Entretanto, em casos de persistência da infeção no interior do sistema de canais radiculares ou externamente a ele, pode ser necessária a realização de tratamentos complementares como a cirurgia paraendodôntica.1,4,7
Cistos periapicais e granulomas periapicais possuem a mesma etiologia e podem apresentar características imagiológicas semelhantes. Em casos de lesões persistentes após tratamento endodôntico, há bastante discussão na literatura sobre as possíveis abordagens. Dentre elas há a possibilidade de enucleação da lesão, que envolve sua total curetagem ou a descompressão cística, como alternativa mais conservadora, que pode evitar agressão a estruturas anatómicas importantes, como canal nasopalatino, cavidade nasal, seio maxilar, forame mentoniano e canal mandibular.

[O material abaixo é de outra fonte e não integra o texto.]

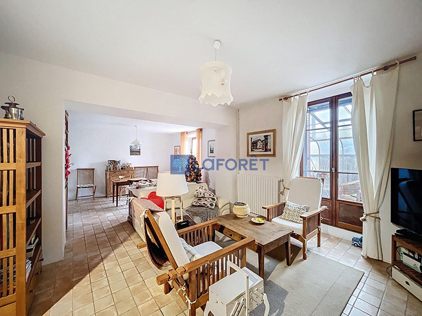 Il se compose d'un séjour lumineux ouvrant sur une terrasse aménagée avec serre, idéale pour profiter de l'extérieur toute l'année, ainsi que d'un jardin privatif parfait pour les moments de détente.

A descompressão cística envolve a instalação de um dispositivo para manter a comunicação da cavidade bucal com o interior da lesão, causando redução da pressão osmótica intracística, o que possibilita a regressão parcial ou total da lesão. Para comprovação do sucesso da técnica é necessário realizar o acompanhamento radiográfico e clínico do paciente.2,4,5,8,9
Relato de caso
Paciente do sexo masculino, 52 anos, hipertenso e hipercolesterêmico, fazendo uso de Losartana e Atorvastatina, fumador há mais de 25 anos, foi encaminhado para avaliação de lesão em mandíbula do lado esquerdo. Durante anamnese, relatou ter feito tratamento endodôntico no dente 35 há 30 anos e, após sintomatologia dolorosa recente, foi submetido a retratamento endodôntico, porém sem alívio da dor. Em seguida, foi realizado também o tratamento endodôntico do dente 34, porém, após novo insucesso na regressão da lesão, paciente foi encaminhado para o Serviço de Cirurgia Oral e Estomatologia.
Exame extraoral mostrou ausência de sinais de alterações patológicas. Exame intraoral mostrou ausência do dente 36 e fístula na região de rebordo alveolar, com drenagem de secreção purulenta (Figura 1).
Ao exame radiográfico (Figura 2) foi possível identificar uma área radiolúcida unilocular, de contorno mal definido, na região periapical do dente 35, estendendo-se para o periápice do dente 34 e região edêntula correspondente ao 36. Para melhor visualização da extensão da lesão e sua relação com o canal mandibular foi realizada Tomografia Computadorizada de Feixes Cônicos. Cortes axiais e parassagitais mostraram rutura das corticais ósseas vestibular e lingual do corpo da mandíbula, além do íntimo contato da lesão com o canal mandibular (Figura 3), revelando o elevado risco de parestesia do nervo alveolar inferior e do seu ramo mentoniano, após intervenção cirúrgica.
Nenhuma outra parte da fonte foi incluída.